This is an old pic of Belle in her old tank, I'll try to post a newer one tomorrow! She is much bigger now!






I would love any comments or suggestions!


----------



## BatGirl1 (Mar 21, 2013)

I was told 12" from animal for uvb maximum absorption. ? This is what I did...
[attachment=6671]see how it's mounted on the back above the bask area plus has no shields so the rays can go any direction.


----------



## Coliosis (Mar 21, 2013)

Yeah good point! We're probably going to lower the UVB light a bit, take the shield off if we can and make Belle a basking platform, and that should make it a lot better! Thanks for the suggestion!

Here are some pictures of Belle from today:


----------



## BatGirl1 (Mar 21, 2013)

[attachment=6673]Awwww cute  niles has only been up 3 nights since october. :/ he's just now coming out of hibernation. (I hope! )


----------



## Coliosis (Mar 21, 2013)

BatGirl1 said:


> Awwww cute  niles has only been up 3 nights since october. :/ he's just now coming out of hibernation. (I hope! )

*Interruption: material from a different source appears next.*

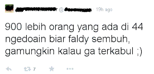Jumat siang ibu sempetin nengok.  Melihat faldy tergeletak di tempat tidur, dengan kepala di balut perban, selang dimana-mana, ibu nggak kuat menahan sedih. Ibu nggak ngebayangin seperti apa perasaan ibunya.  Semoga mereka diberi kekuatan dan ketabahan.... Ibu sempat ngobrol sedikit dengan suster. Menurut suster, memang keadaannya sekarang stabil, denyut jantung teratur, tapi kondisinya koma, dan keliatannya belum ada perkembangan ke arah yang baik, suster bilang, masih dalam keadaan kritis. Oaalaah.. .menurut kakak yang langsung menengok kamis kemaren, luka di kepalanya cukup parah, kepalanya bengkak hebat dan yang terkena benturan seperti yang berlubang. Darah membasahi seluruh sweater yang dipakainya, sungguh pemandangan yang mengguncang kakak dan teman-temannya.
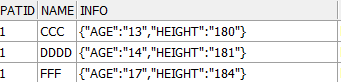 圖為TTTT表中的內容,例子為截取INFO中的AGE信息。

What a cutie  It sucks when they're sleeping! lol I hope he's coming out too, it's about that time I think! Our tegu didn't hibernate all that long, not sure why. She's growing like crazy now though, we're going to have to get a new scale because our current one only goes up to 500g and she has passed that quickly!!


----------



## chitodadon (Mar 21, 2013)

When godzilla wakes up amd gets his eeight up I will weigh and measure him

from Samsung Galaxy S3


Sorry wrong thread

from Samsung Galaxy S3


----------



## Coliosis (Apr 3, 2013)

Okay so here's what we did so Belle can get closer to the UVB:










We are thinking of putting a second basking spot up on the ledge as well, but we need to get a weaker bulb or something.

What do you think??


----------



## KritterKeeper (Apr 3, 2013)

Unless im missing something is that white rock the basking rock? If so i think it might be a good idea to switch it out for a piece of slate or something similar so she can lay flat out under the light..


----------



## Coliosis (Apr 4, 2013)

Yeah it is her basking area, the rock is a little farther back in the pic than what it normally is though (the light is normally aimed at the ground not at the rock). Belle seems to like to lay out flat right behind the rock when she basks, like she's hiding from us lol But I can definitely throw in a couple more tiles or something if you think that would be better? Maybe behind the rock? She seems to like the rock so I would like to keep it in there, plus I think it's good for her nails for when she climbs on it. Should I also put tiles up top on the ledge when I get a second basking spot up there?

Thanks!


----------



## KritterKeeper (Apr 4, 2013)

Yeah leaving the rock is fine esp if she likes to climb on it but i would def put a piece of slate under the light so she has an actual basking spot. Also I would put slate on the shelf if it was my cage but thats really up to you, ive seen it done with and without but i prefer to have slate under basking lights..


----------



## BatGirl1 (Apr 4, 2013)

Niles has piece of slate rock on the wooden shelf so the heat can absorb better. Wood won't do that as well. Let me see if i have a good ref pic... [attachment=6771]this slate is right under uvb tube and also flood is aimed at it for heat
Here i just took this pic for better ref. See the tube, the flood and the shelf w flat rock on it?  [attachment=6772]


----------



## Coliosis (Apr 4, 2013)

Okay so I moved those 2 tiles up onto the ledge and directed her basking light up there for now! I'm going to try to find a nice big flat rock for her though


----------



## Coliosis (Apr 10, 2013)

Enclosure update! We put in all new substrate so it's a little deeper everywhere now and we added two dracaena plants and a pothos! They'll probably be destroyed by Belle running over them eventually, but for now I think they look nice and they'll help keep the humidity up! Belle really seems to like her enclosure now


----------



## Jackie & Hellboy (Jan 14, 2015)

I know this thread is a few years old but you should situate the basking light directly over those pieces of slate and not at such an extreme angle like in the pics. the reason is that the basking spot is not evenly heated and only part of it is probably hot enough. Also I noticed that your basking temps are around 110? they really should be higher like in the 135 range. it may sound like an extreme temp but mine are on basking sites that hot and sometimes hotter and they will bask there for 20-30 minutes early in the day when they first wake up. and easy way would be to get another light fixture with another low wattage basking bulb which will add heat obviously but also will make the basking site larger heating your tegu all over evenly. other than that your setup and tegu look to be in tip top shape!


----------